Blondyn spojrzał na niego czerwonymi od płaczu oczyma. Shinoda przybliżył się jeszcze bardziej do chłopaka i zamknął go w żelaznym uścisku. Bennington oparł głowę na ramieniu kolegi i pozwolił, by łzy zaczęły płynąć nowym strumieniem. Ten niewielki gest ze strony Mike'a naprawdę wiele dla niego znaczył.
- Nie jesteś sam Chaz. Masz Billie'go i Johna. I wiedz, że Cię nie odrzucę. Nie jestem takim idiotą na jakiego wyglądam. - powiedział czarnowłosy
Chester zachichotał lekko i oderwał się od Mike'a. Otarł ostatnie łzy z twarzy i odetchnął głęboko.
- Nawet nie wiesz, ile to dla mnie znaczy. - powiedział blondyn
Chłopaki spędzili w klubie jeszcze około dwóch godzin. Wypili po piwie, trochę pogadali i pomogli wujowi Chestera przy barze. Około godziny dwudziestej czwartej wyszli z budynku i skierowali pod dom Chestera. Blondyn chciał odprowadzić Mike'a, lecz ten nalegał, że dzisiaj on wypełni tą funkcję. 
Szli w ciszy. Sama ich obecność im wystarczała. Mike czuł się całkiem inaczej w towarzystwie Chestera. Nawet przy Harley nie czuł się tak swobodnie.
Po około dwudziestu minutach doszli pod dom Chaza.
- To tutaj. Dziękuję za mile spędzony wieczór Mikey. Aaa! I bym zapomniał. Mówiłem, że nie całuję się na pierwszej randce, ale myślę, że to nie specjalnie zalicza się do pocałunków. - powiedział Chaz i złożył na prawym policzku Mike'a drobny pocałunek
Shinoda na początku zaskoczony, uśmiechnął się. Na jego policzki wstąpił głęboki rumieniec. Chciał coś powiedzieć, lecz przerwał mu dzwonek telefonu. Wyciągnął go z kieszeni i nie rozpoznał numeru, który znajdował się na wyświetlaczu.
- Odbierz, może to coś ważnego. Przecież nie byle kto dzwoni w środku nocy. - powiedział Chester 
Mike odebrał połączenie.

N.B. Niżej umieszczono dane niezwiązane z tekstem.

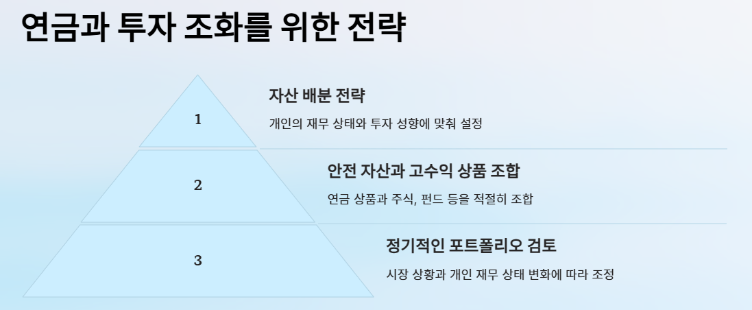 연금과 다양한 투자 상품을 조화롭게 활용하면 장기적인 안정성과 수익성을 모두 추구할 수 있습니다. 이를 위해 가장 중요한 것은 자산 배분 전략입니다. 자산 배분은 개인의 재무 상태, 투자 성향, 노후 목표 등에 따라 유연하게 설정해야 합니다.

W miarę upływu sekund uśmiech znikał z jego twarzy. Lewą dłonią chwycił się za szyję i wyszeptał do urządzenia:
- Dobrze. Rozumiem... Zaraz tam będę.
I zakończył połączenie. 
Odwrócił się w stronę Chaza. Blondyn zobaczywszy przerażenie na twarzy chłopaka podszedł do niego i zapytał:
- Co się stało?
Shinoda wpatrywał się w jeden punkt i wyszeptał tylko trzy słowa. Trzy słowa, które cały czas dudniły mu w uszach. Trzy słowa, które zmieniały wszystko:
- Brad nie żyje.
                                   

                  -----------------------------------              

Nie będę komentowała tego rozdziału. Zostawiam to wam ;) Mam nadzieję, że mnie nie zabijecie XD No ale tak szczerze. Myślę, że na początku października pojawi się kolejny rozdział. A w zanadrzu mam także mały One-Shot Bennodkę. Jest już prawie skończony. Muszę tylko wprowadzić kilka potrzebnych poprawek, więc możecie się go spodziewać jeszcze w tym tygodniu. Dzisiaj chcę także dodać zakłądkę "Bohaterowie" byście mogli zobaczyć, jakich bohaterów możecie się spodziewać w tym opowiadaniu, oprócz wymienionych już postaci. :D A teraz zapraszam do komentowania i z góry dziękuję za komentarze. :)      





8 września 2013

My life is you: Rozdział 5

Witam wszystkich! Dodaję nowy rozdział opowiadania. Przepraszam, że tak późno, ale mam swoje powody. Mam niemałego doła z pewnego powodu i... Nie miałam ochoty na przepisywanie kilkunastu kartek A4 do komputera. Dziękuję też wszystkim za pozytywne komentarze. To właśnie one zmotywowały mnie do robienia czegokolwiek i w końcu wzięłam się do pracy, więc... Zapraszam do czytania:

-------------------------------------- 

 Harley ponownie znalazła się w lesie. Nawet nie pamiętała, jak się dostała do tego mrocznego miejsca. Ostatnie co pamiętała, to ciepło swojego łóżka. Teraz jest jej potwornie zimno.Otoczyła się odkrytymi ramionami, lecz chłód nie ustępował.
 Tak jak poprzednim razem zobaczyła wśród drzew Trevora, patrzącego w pustą przestrzeń. Jednak nigdzie nie widziała Mike'a. Obróciła się wokół własnej osi i nagle chwyciła się za głowę.
 Poczuła potworny ból. Ból, który ciągle się nasilał. A wraz z nim głos Mike'a. Nie widziała go, lecz czuła, że chłopak jest blisko niej. Czerwonowłosa wsłuchała się w wypowiadane przez niego słowa:
" Zostawiłaś mnie samego. Oszukałaś mnie. Zdradziłaś. "
 Głos stał się coraz głośniejszy i wyraźniejszy:
" Zostaniesz sama. Całkiem sama. Ja nie będę sam. "
 Nagle wszystko ustało. Straszliwy ból znikł, a głos ucichł. Dziewczyna opadła bezradnie na mokrą od rosy trawę. Nie czuła już obecności Mike'a. Ani jego, ani nikogo innego. Została sama.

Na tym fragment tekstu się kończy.